:: Data for this exercise

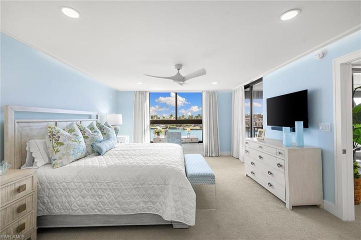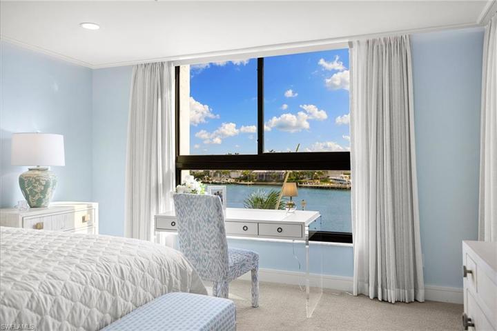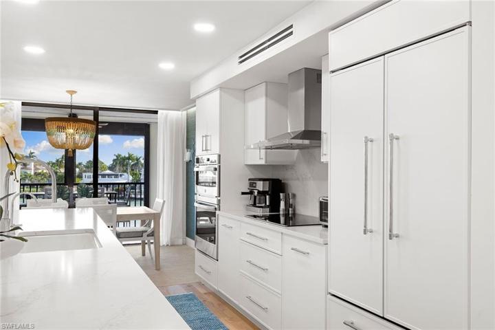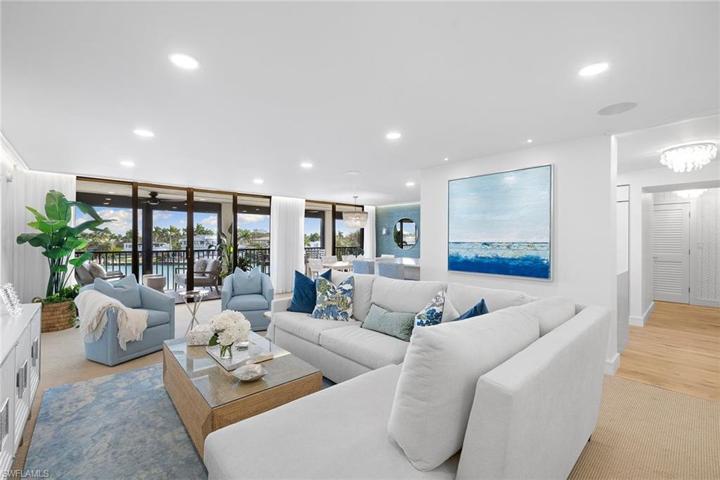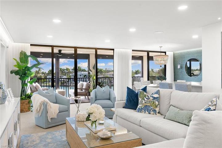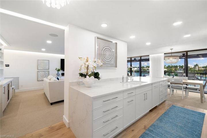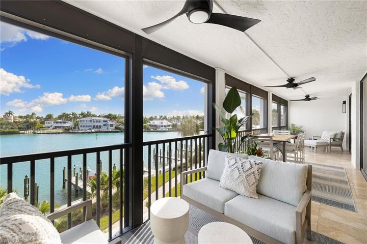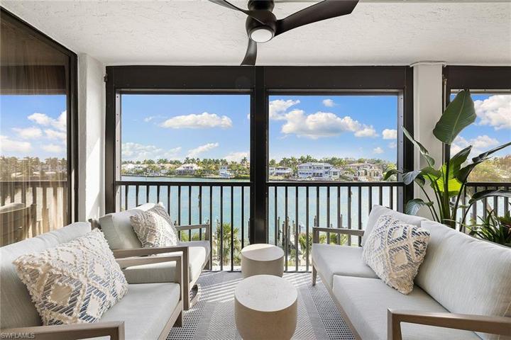 Discover the epitome of coastal luxury in this meticulously designer-renovated two-bedroom, two-bath waterfront condominium in the prestigious Admiralty Point beachfront community. Spanning 1,948 total square feet, the thoughtfully designed interior boasts an open floor plan integrating living, dining and kitchen spaces, exuding a spacious and welcoming ambiance. Crafted for modern living, every detail reflects elegance while offering a harmonious balance of style and comfort. Step on your private bayfront lanai to immerse yourself in the serene water views and watch the dolphins play. Enjoy direct access to the white sand beaches of the Gulf of Mexico or moor your boat in one of the available to-rent boat slips, perfect for beach and boating enthusiasts. Experience resort-style living with Admiralty Point’s exceptional amenities including clubhouses, fitness center, tennis courts, pools, beach access and boat docks. In the highly sought-after Moorings neighborhood of downtown Naples, just minutes to Venetian Village where you can enjoy an array of fine waterfront dining, entertainment, galleries and boutique shopping.
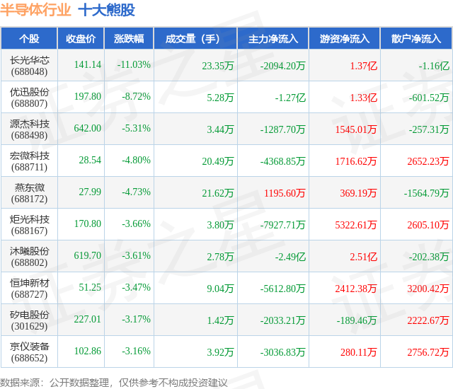 个股表现方面,半导体行业当日领跌股为长光华芯(688048),该股当日报收141.14,下跌11.03%,成交量23.35万,主力资金净流出2094.2万元。优迅股份(688807)以下跌8.72%紧随其后,该股当日成交量5.28万,主力资金净流出1.27亿元。除此之外,源杰科技(688498)、宏微科技(688711)、燕东微(688172)均进入当日熊股之列。具体个股列表见下表:
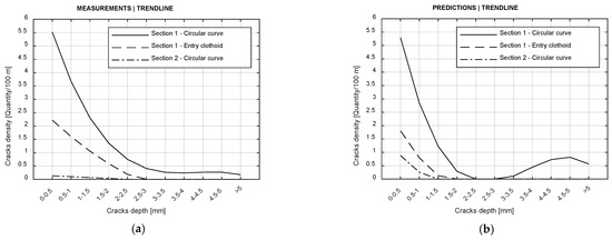 Location comparison between predicted and measured cracks for 4.752 MTn: (a) Section 1; (b) Section 2.
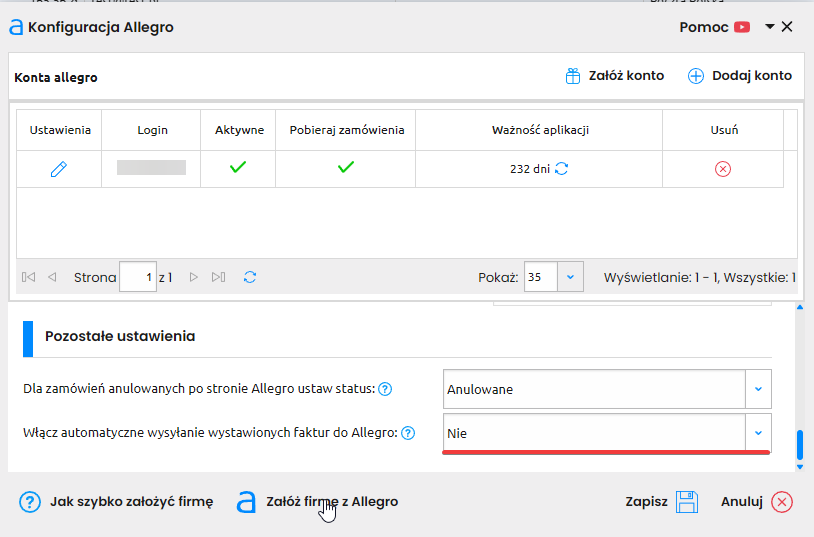 W celu wyłączenia wysyłki faktur do Allegro po API przejdź do sekcji Integracje -> Allegro -> Konfiguracja i pole Włącz automatyczne wysyłanie wystawionych faktur do Allegro ustaw na „Nie”.
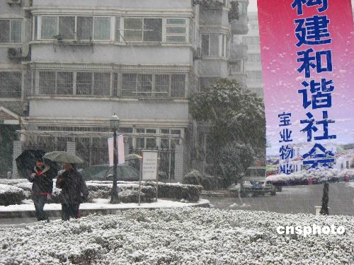 2月1日下午,上海再降大雪。上海中心氣象臺當日下午13時36分發布暴雪黃色預警信號,這是上海首次發布暴雪預警。中新社發 嚴大明 攝
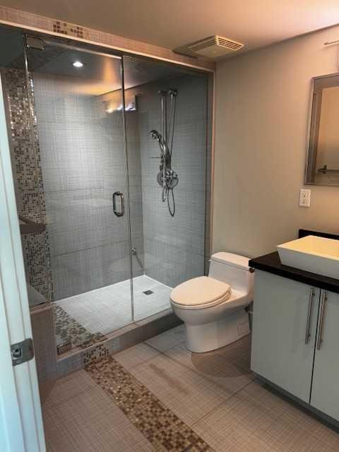 Upstairs, wake up — and fall asleep — to wide-open city views. The primary retreat features a spa-inspired ensuite with steam shower, soaker tub, and in-floor heating, creating a true urban sanctuary. This level also offers a built-in desk nook, a generous walk-in closet, and an impressively sized laundry room. Additional storage is cleverly tucked away beneath the stairs.
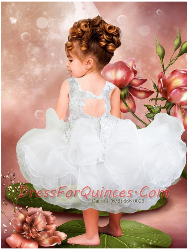Elegant Ball Gown Straps White Little Girl Dresses With Beading Ruffles
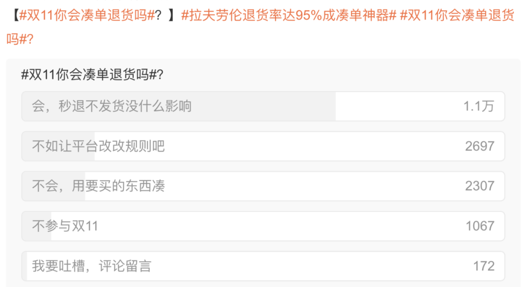 今年雙十一,有媒體做了個(gè)“雙11你會(huì)湊單退貨嗎?”的市場調(diào)研。結(jié)果顯示,有1.1萬人表示“會(huì),秒退不發(fā)貨沒什么影響”,占比高達(dá)64%?梢,大部分消費(fèi)者都是認(rèn)同湊單發(fā)貨的。
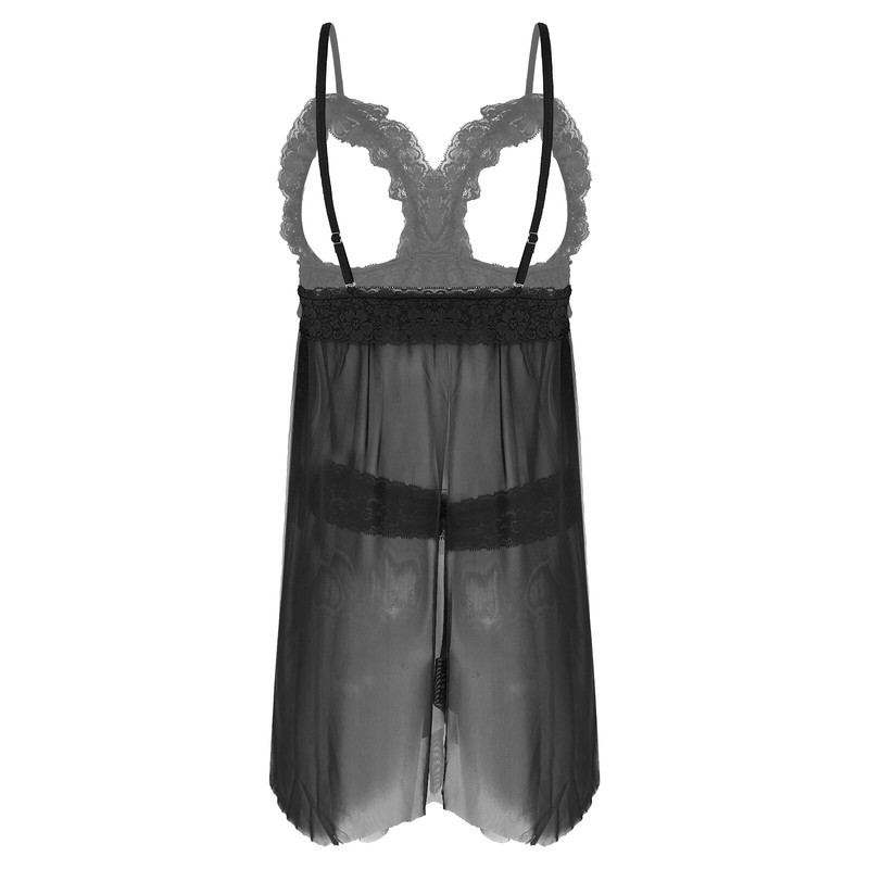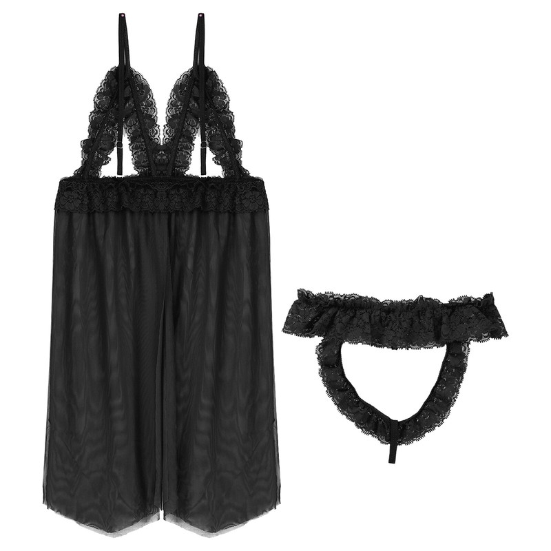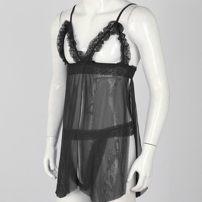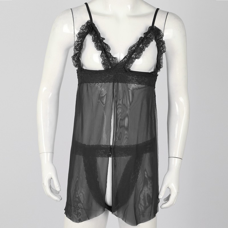 Men Two-piece Lace Trim Lingerie Set Open Front Split See-through Mesh Nightdress with T-back.
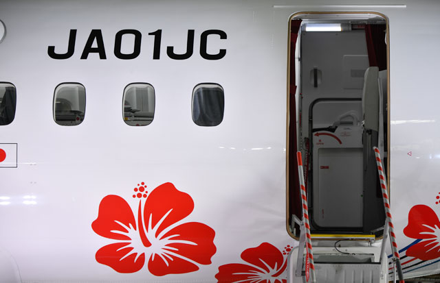 機体後部にハイビスカスを描いたJACのATR42初号機=17年3月10日 PHOTO: Tadayuki YOSHIKAWA/Aviation Wire

::::

--- Work task ---
Set the listing down again exactly, skipping each picture.

--- Solution for this problem ---
 Discover the epitome of coastal luxury in this meticulously designer-renovated two-bedroom, two-bath waterfront condominium in the prestigious Admiralty Point beachfront community. Spanning 1,948 total square feet, the thoughtfully designed interior boasts an open floor plan integrating living, dining and kitchen spaces, exuding a spacious and welcoming ambiance. Crafted for modern living, every detail reflects elegance while offering a harmonious balance of style and comfort. Step on your private bayfront lanai to immerse yourself in the serene water views and watch the dolphins play. Enjoy direct access to the white sand beaches of the Gulf of Mexico or moor your boat in one of the available to-rent boat slips, perfect for beach and boating enthusiasts. Experience resort-style living with Admiralty Point’s exceptional amenities including clubhouses, fitness center, tennis courts, pools, beach access and boat docks. In the highly sought-after Moorings neighborhood of downtown Naples, just minutes to Venetian Village where you can enjoy an array of fine waterfront dining, entertainment, galleries and boutique shopping.
 个股表现方面,半导体行业当日领跌股为长光华芯(688048),该股当日报收141.14,下跌11.03%,成交量23.35万,主力资金净流出2094.2万元。优迅股份(688807)以下跌8.72%紧随其后,该股当日成交量5.28万,主力资金净流出1.27亿元。除此之外,源杰科技(688498)、宏微科技(688711)、燕东微(688172)均进入当日熊股之列。具体个股列表见下表:
 Location comparison between predicted and measured cracks for 4.752 MTn: (a) Section 1; (b) Section 2.
 W celu wyłączenia wysyłki faktur do Allegro po API przejdź do sekcji Integracje -> Allegro -> Konfiguracja i pole Włącz automatyczne wysyłanie wystawionych faktur do Allegro ustaw na „Nie”.
 2月1日下午,上海再降大雪。上海中心氣象臺當日下午13時36分發布暴雪黃色預警信號,這是上海首次發布暴雪預警。中新社發 嚴大明 攝
 Upstairs, wake up — and fall asleep — to wide-open city views. The primary retreat features a spa-inspired ensuite with steam shower, soaker tub, and in-floor heating, creating a true urban sanctuary. This level also offers a built-in desk nook, a generous walk-in closet, and an impressively sized laundry room. Additional storage is cleverly tucked away beneath the stairs.
Elegant Ball Gown Straps White Little Girl Dresses With Beading Ruffles
 今年雙十一,有媒體做了個(gè)“雙11你會(huì)湊單退貨嗎?”的市場調(diào)研。結(jié)果顯示,有1.1萬人表示“會(huì),秒退不發(fā)貨沒什么影響”,占比高達(dá)64%?梢,大部分消費(fèi)者都是認(rèn)同湊單發(fā)貨的。
 Men Two-piece Lace Trim Lingerie Set Open Front Split See-through Mesh Nightdress with T-back.
 機体後部にハイビスカスを描いたJACのATR42初号機=17年3月10日 PHOTO: Tadayuki YOSHIKAWA/Aviation Wire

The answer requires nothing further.